-- SOURCE MATERIAL follows --

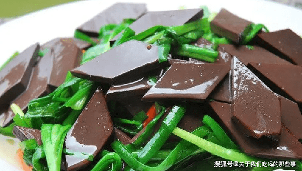 锅里倒入油烧热,放入猪血块,小火煎一会儿,颜色金黄后倒入韭菜段,大火翻炒均匀。煎过的猪血不容易碎,味道也更香,最后加入适量食盐调味,翻炒均匀即可出锅。
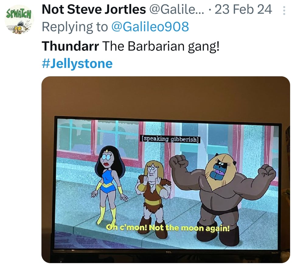 Here's a fun thing: I am the voice of THUNDARR THE BARBARIAN in a just-released episode of the animated series, JELLYSTONE on MAX.
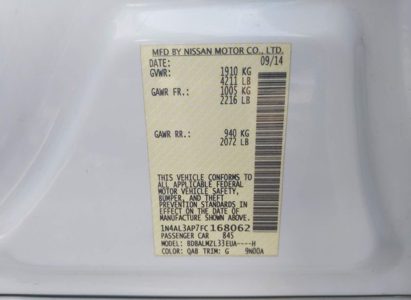- VIN: 1N4AL3AP7FC168062
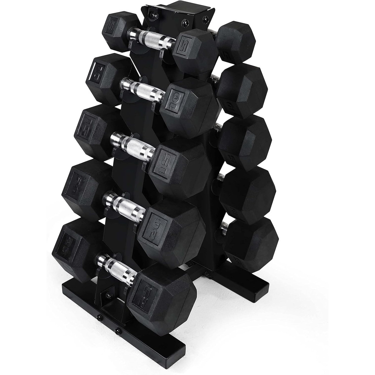 5-25Lb Rubber Coated Hex Dumbbell Set with A Frame Storage Rack Non-Slip Hex Shape for Muscle Toning, Strength Building & Weight Loss
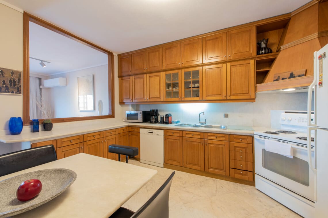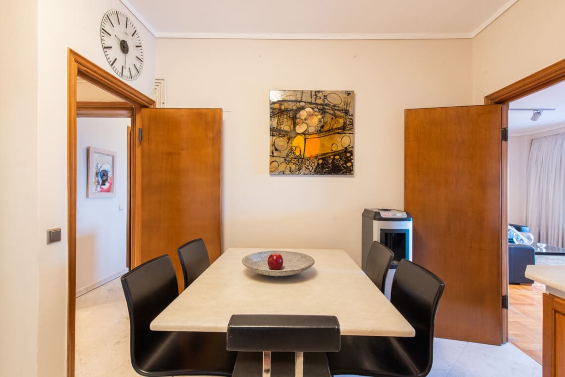 Μπείτε στο διαμέρισμά μας και ζήστε τον τέλειο συνδυασμό κομψότητας και άνεσης. Το ευρύχωρο σαλόνι μας συνδέεται με την τραπεζαρία, δημιουργώντας την τέλεια ατμόσφαιρα για χαλάρωση ή διασκέδαση. Ετοιμάστε τα αγαπημένα σας γεύματα στην πλήρως εξοπλισμένη κουζίνα μας, με σύγχρονες ηλεκτρικές συσκευές, είδη μαγειρικής και μια όμορφη πινελιά που προσθέτει στην κομψότητα του δωματίου.

-- SOURCE MATERIAL concluded --

WHAT IS BEING ASKED: Give back, word for word, the lines from the line that contains "Here's a fun" through the last line of the records, with no pictures and nothing else.

RESULT BELOW:
 Here's a fun thing: I am the voice of THUNDARR THE BARBARIAN in a just-released episode of the animated series, JELLYSTONE on MAX.
- VIN: 1N4AL3AP7FC168062
 5-25Lb Rubber Coated Hex Dumbbell Set with A Frame Storage Rack Non-Slip Hex Shape for Muscle Toning, Strength Building & Weight Loss
 Μπείτε στο διαμέρισμά μας και ζήστε τον τέλειο συνδυασμό κομψότητας και άνεσης. Το ευρύχωρο σαλόνι μας συνδέεται με την τραπεζαρία, δημιουργώντας την τέλεια ατμόσφαιρα για χαλάρωση ή διασκέδαση. Ετοιμάστε τα αγαπημένα σας γεύματα στην πλήρως εξοπλισμένη κουζίνα μας, με σύγχρονες ηλεκτρικές συσκευές, είδη μαγειρικής και μια όμορφη πινελιά που προσθέτει στην κομψότητα του δωματίου.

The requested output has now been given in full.